In 1989, the IRS introduced new regulations that required an arrangement like the fringe benefits supported by the NBA to be reported as income. However, during the introduction of these new regulations, the NBA and the referees association were locked in a bargaining period over a new contract. During the negotiations the NBA changed the rules frequently which resulted in an unclear process on how to report the income causing many referees to continue the fringe benefits as they had in the past.

==Investigation==
In 1993 the IRS received a tip that the referees were not declaring the airline ticket money as income resulting in the IRS launching "Operation Slam Dunk." On September 12, 1994, the IRS announced its investigation and notified more than 50 referees that they were part of a criminal tax investigation. The estimates of cash received ranged from $8,000 to $100,000.

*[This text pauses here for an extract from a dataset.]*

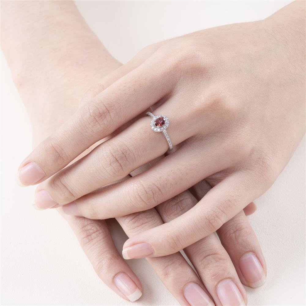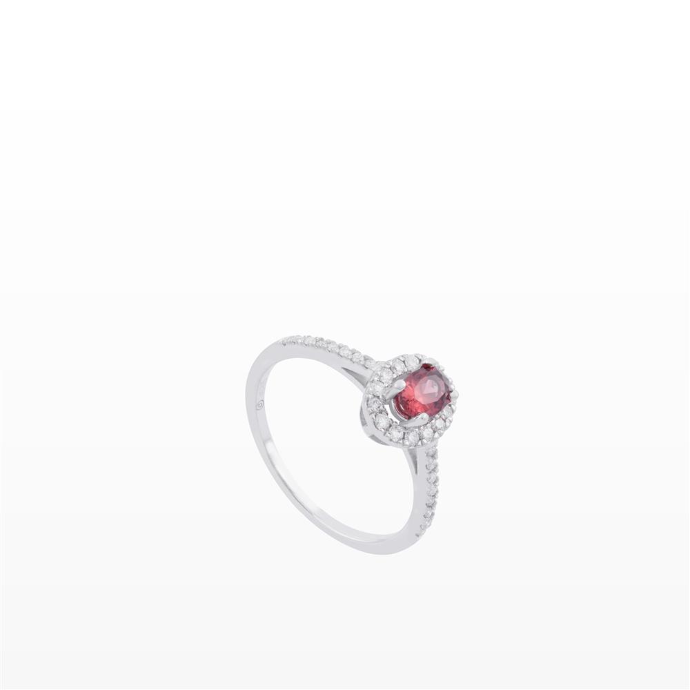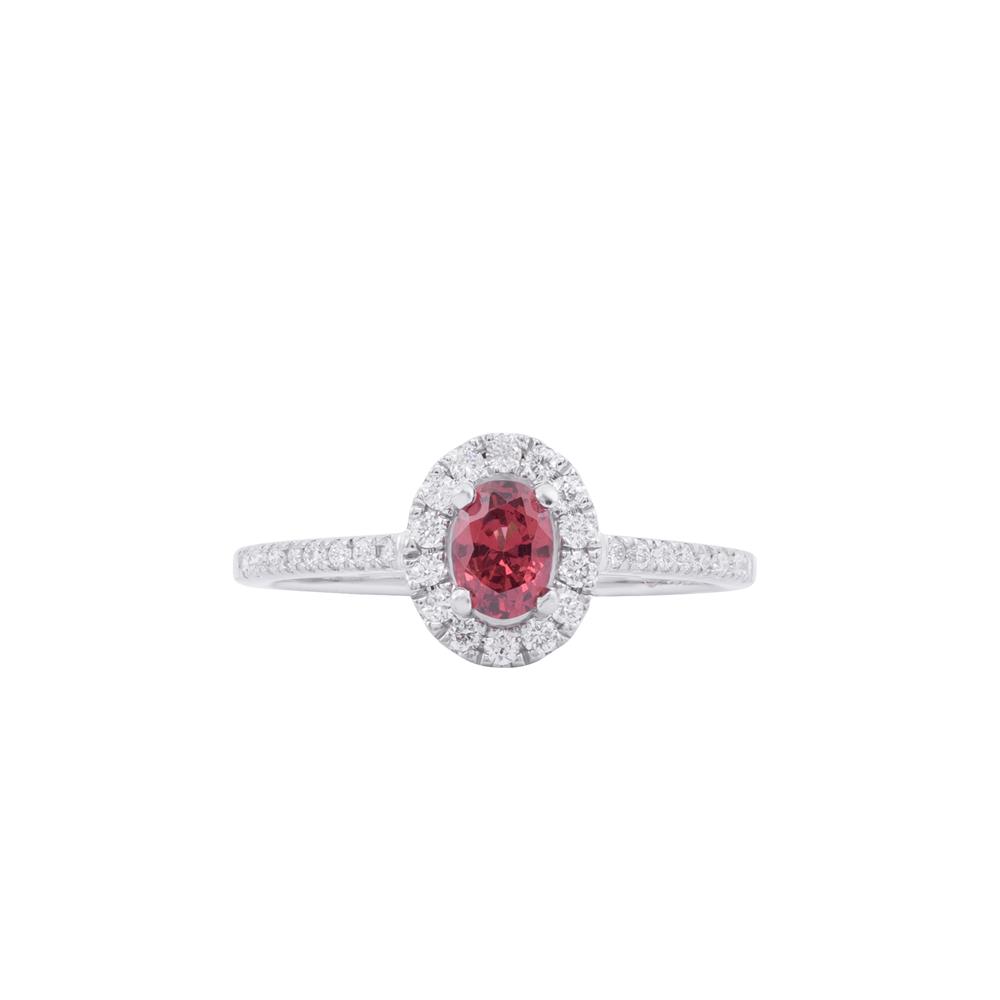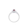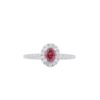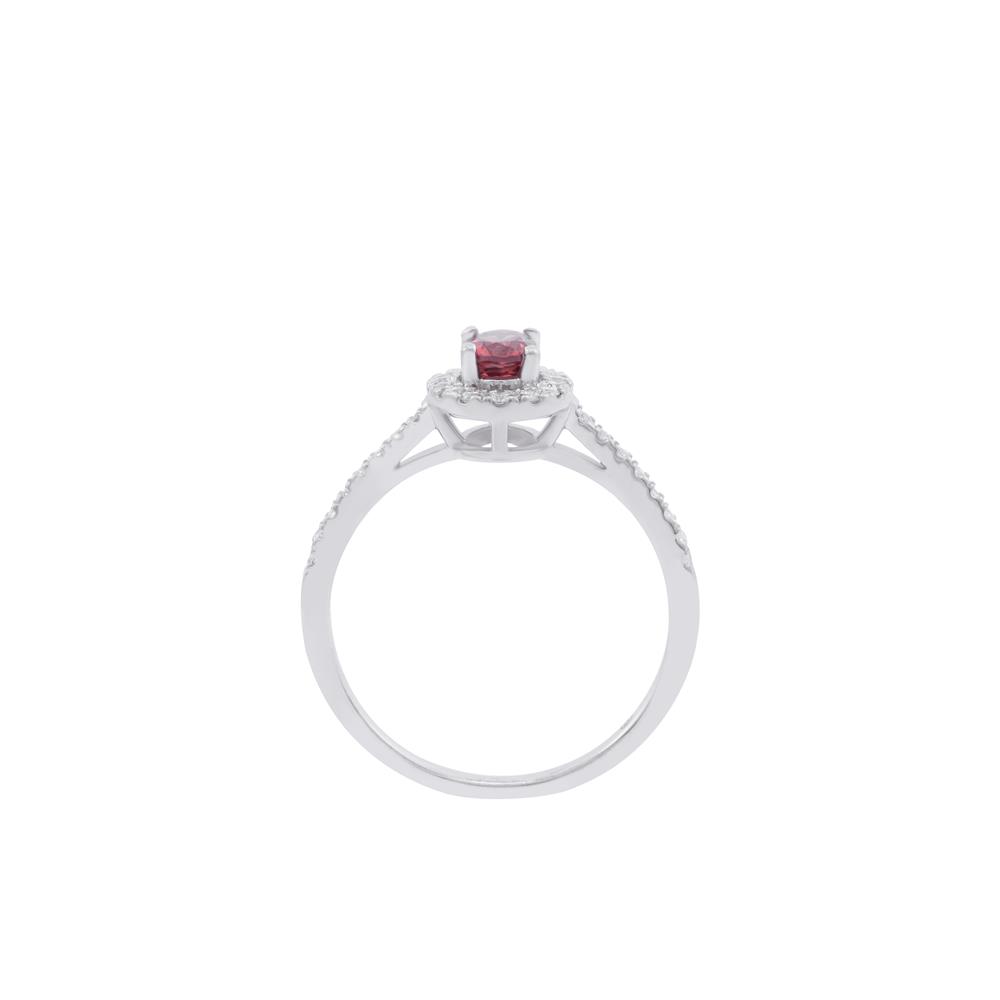 Vòng halo kim cương trắng bao quanh viên chủ giúp tăng độ rực rỡ, tạo hiệu ứng ánh sáng lan tỏa như một quầng sáng ôm trọn sắc đỏ quý phái. Thân nhẫn thanh mảnh đính kim cương tấm chạy dọc hai bên, mang đến sự cân bằng hoàn hảo giữa sự tinh tế và sự nổi bật.
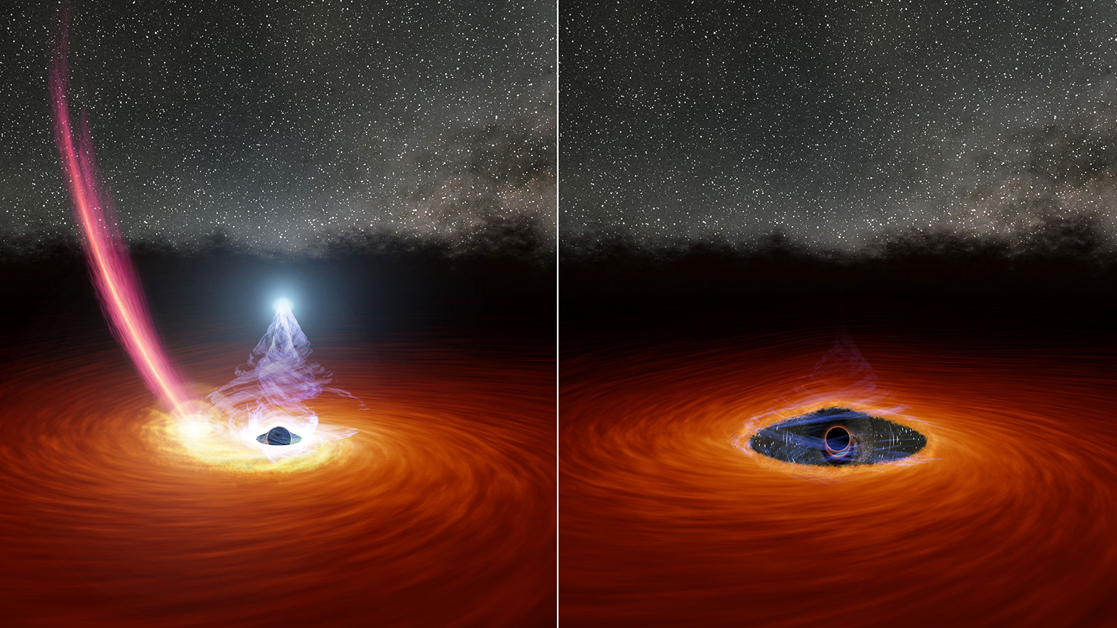 Caption: This illustration shows a black hole surrounded by a disk of gas. In the left panel, a streak of debris falls toward the disk. In the right panel, the debris has dispersed some of the gas, causing the corona (the ball of white light above the black hole) to disappear. Credit: NASA/JPL Caltech

Over the next four years, the cases grew and dragged on resulting in 25 referees being turned over to the IRS civil division to be audited. Although the amount of lost tax revenue did not reach the IRS guidelines for criminal prosecution, the United States Department of Justice still decided to indict 12 referees.

==Aftermath==
11 of the 12 indicted referees in 1998 pleaded guilty with only Steve Javie taking the case to trial and successfully being acquitted. More referees would become involved with a total of 43 choosing to plea bargain. The only additional referee to take his case to trial would be Ken Mauer, later found guilty. All of the referees involved were forced to resign from the NBA but were subsequently rehired after their guilty pleas.

===Notable consequences===

Jesse Ray Kersey pled guilty in 1997 and was sentenced to three years probation, ordered to pay a $20,000 fine, and file accurate amended tax returns and pay all taxes, interest, and penalties owed.

George T. Tolliver pleaded guilty to one count of filing a false tax return and was confined to six months of home detention, placed on probation for two years, ordered to completed 100 hours of community service and pay a $10,000 fine.

Steve Javie was the only one to take his case to trial out of the original 12 indicted referees and was subsequently acquitted more than four years after the investigation began. Javie argued that he didn't owe taxes on more than $84,000 in income over three years because the money was value-earned from frequent flyer miles, which are non-taxable. The IRS case was cross-examined and put under much scrutiny when asked why only some of the referees involved were indicted and questioning inconsistencies in arithmetic submitted as evidence by the IRS.

Ken Mauer was the only referee to be found guilty when he refused to accept a plea bargain. Mauer was convicted of a felony, three counts of tax evasion and one count of obstruction of justice. He was confined to house arrest for five months, three years of supervised release, and 800 hours of community service. After the sentence Mauer remarked,
"I'm not saying a mistake wasn't made. I'm not saying I've never made a mistake. But I never intended to commit a criminal act. I stood up for what I believe in. That is the only way I know how to live my life."
After the punishment was served, Mauer was reinstated as an NBA referee.